Vitamins are complex organic (carbon-containing) substances, with zero caloric value and no appreciable weight in the body. Nevertheless, the body cannot function without them: they are necessary to support growth and maintain health. The main mechanism of the biological function of vitamins is as a part of body enzymes. Vitamins act as coenzymes which, attached to a protein molecule, form enzymes. They are necessary for the metabolism of nutrients, cellular function, bone and tissue formation and regeneration, glandular, neural and hormonal function - in short, for life.

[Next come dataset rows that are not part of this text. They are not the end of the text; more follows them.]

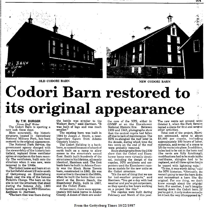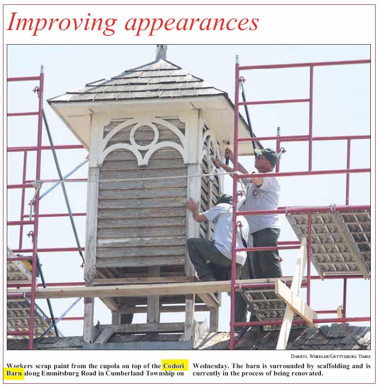 A page from the Gettysburg Daily on the 2010 repair of the Codori barn.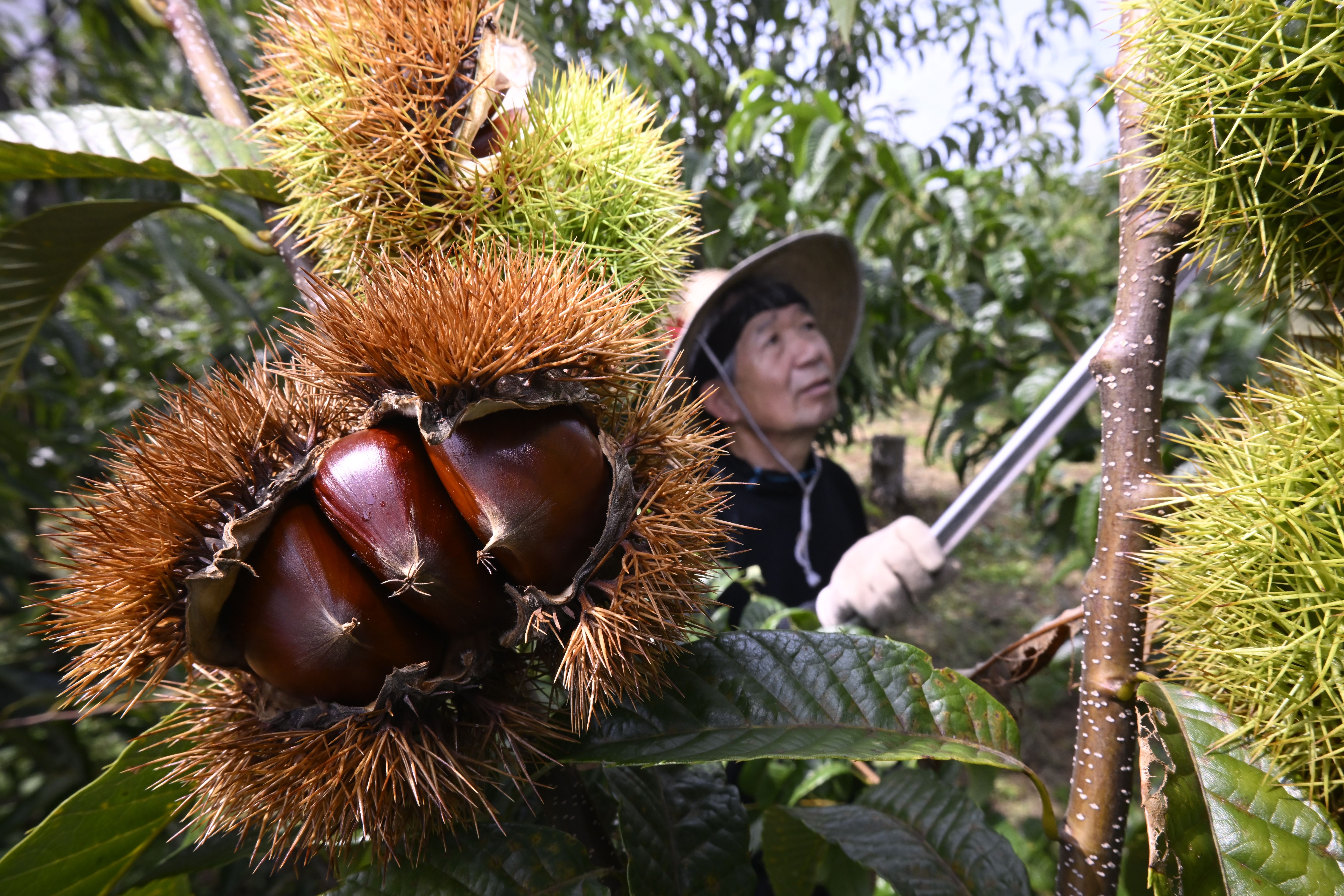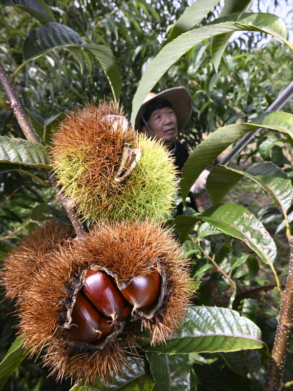 収穫が始まったクリ=18日午前10時40分、益子町塙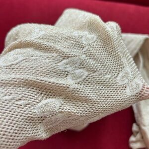 Gucci champagne colored fishnet tights with monogram throughout and logo waistband. Looks great from shorts to dress or peeking through a pair of ripped jeans. New with tags and dust bag.

With a few partial exceptions, the body cannot synthesize vitamins on its own, and depends on dietary intake or supplementation. There are 13 vitamins among essential nutrients; A, B1, B2, B3, B5, B6, B7, B9, B12, C, D, E and K. Four of them are fat-soluble (A, D, E and K), and rest of them water-soluble (C and B-complex). There are also at least several other vitamins that are not considered essential, and are classified as accessory nutrients (inositol, choline, PABA, pangamic acid and bioflavonoids).

Excess amounts of most water-soluble vitamins (B12 being one exception) are being excreted daily, thus they require regular daily intake for optimum health. They are also generally more fragile, easily destroyed by heat and air (oxidation), and lost to a greater degree during food processing and preparation.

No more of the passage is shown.